START DATA SECTION
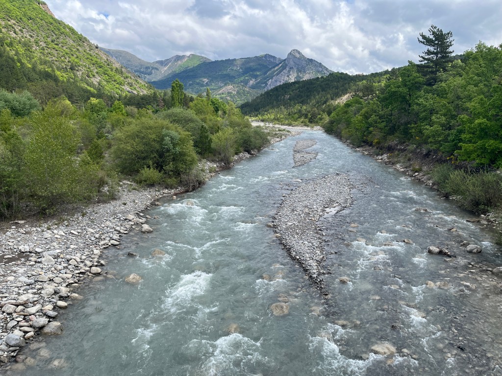 This was one of the most beautiful rides I’ve ever done. The first part was on a little road that ran parallel to the Sasse River, which runs into the Durance. And because I was riding “upstream” it was a steady, but very manageable uphill the whole way (maybe a 2-percent average). And, on both sides of me, over millions of years, the waters from the Sasse had carved our cliffs and mountains. And there were little stone villages on top of several of the hills.
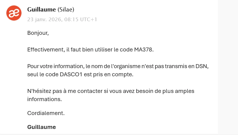 Lorsque que je sélectionne cet organisme, cela bascule sur l'organisme MA378 ASCORE (AXELLIANCE Groupe) - DASCO1.
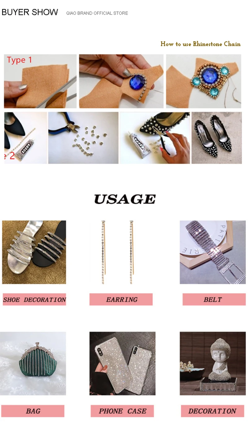 Цепочка для шитья с кристаллами, стразы разных цветов, клей на сере...
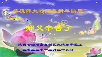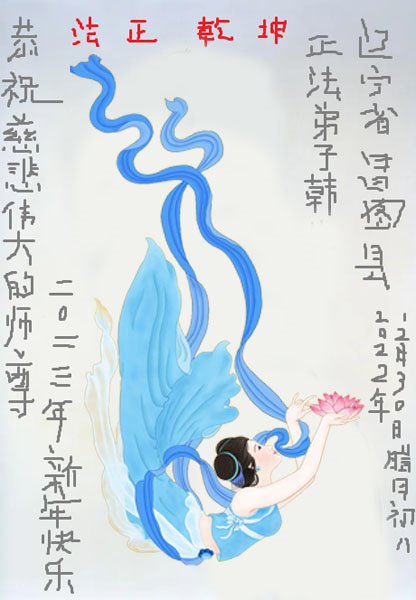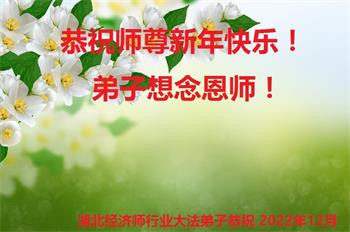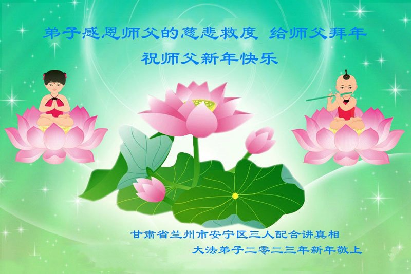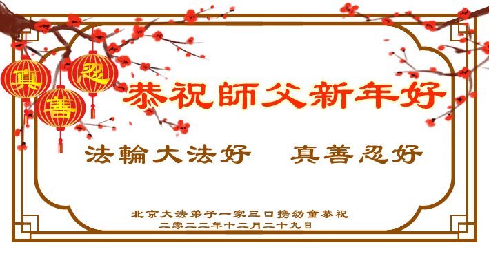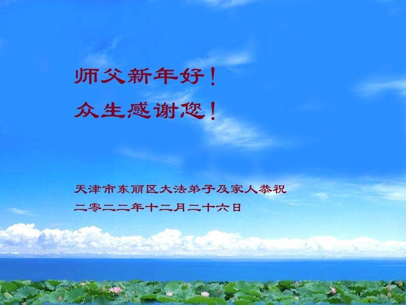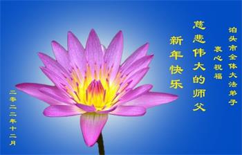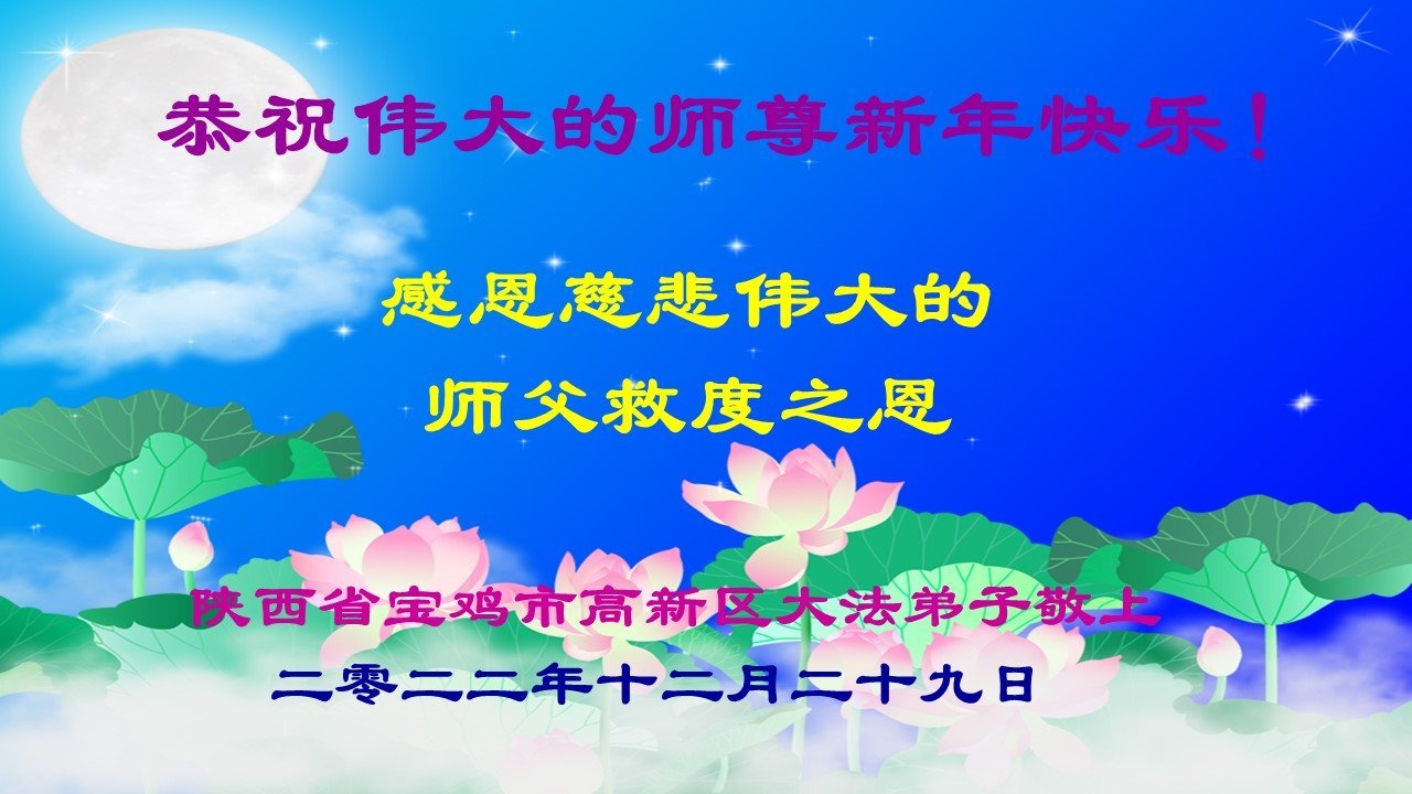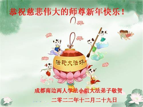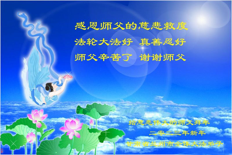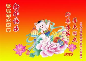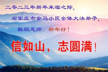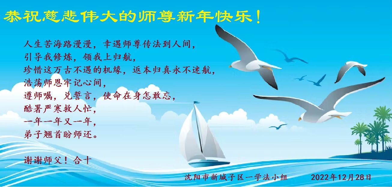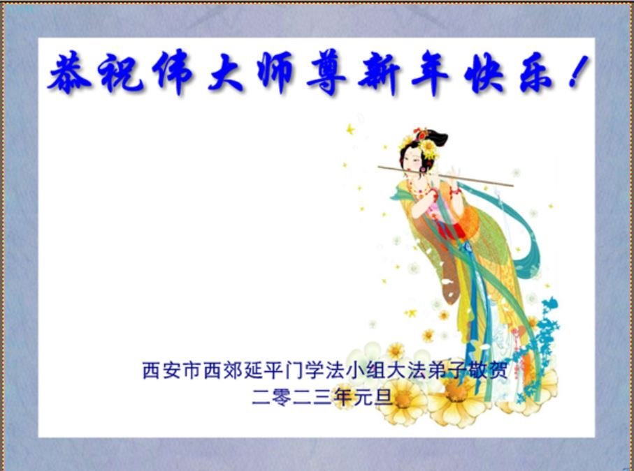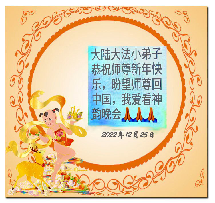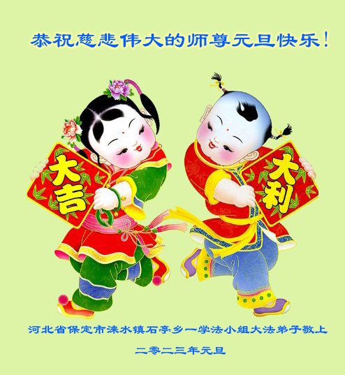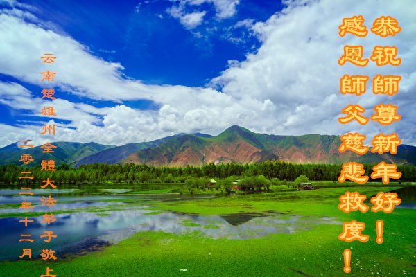 【明慧网二零二二年十二月三十一日】(明慧网通讯员综合报道)中国大陆的法轮功新学员感到万分幸运,在危机四伏的末劫之时得到法轮大法,感受到师尊无所不在的看护,体悟大法的洪恩浩荡。在2023年元旦来临之时,新学员们恭祝师父元旦快乐!
END DATA SECTION
# WHAT YOU WILL DO:
What you return should be the exact lines from the one containing "Lorsque que je" through the end of the listing above, both included, minus any pictures.

# REPLY:
 Lorsque que je sélectionne cet organisme, cela bascule sur l'organisme MA378 ASCORE (AXELLIANCE Groupe) - DASCO1.
 Цепочка для шитья с кристаллами, стразы разных цветов, клей на сере...
 【明慧网二零二二年十二月三十一日】(明慧网通讯员综合报道)中国大陆的法轮功新学员感到万分幸运,在危机四伏的末劫之时得到法轮大法,感受到师尊无所不在的看护,体悟大法的洪恩浩荡。在2023年元旦来临之时,新学员们恭祝师父元旦快乐!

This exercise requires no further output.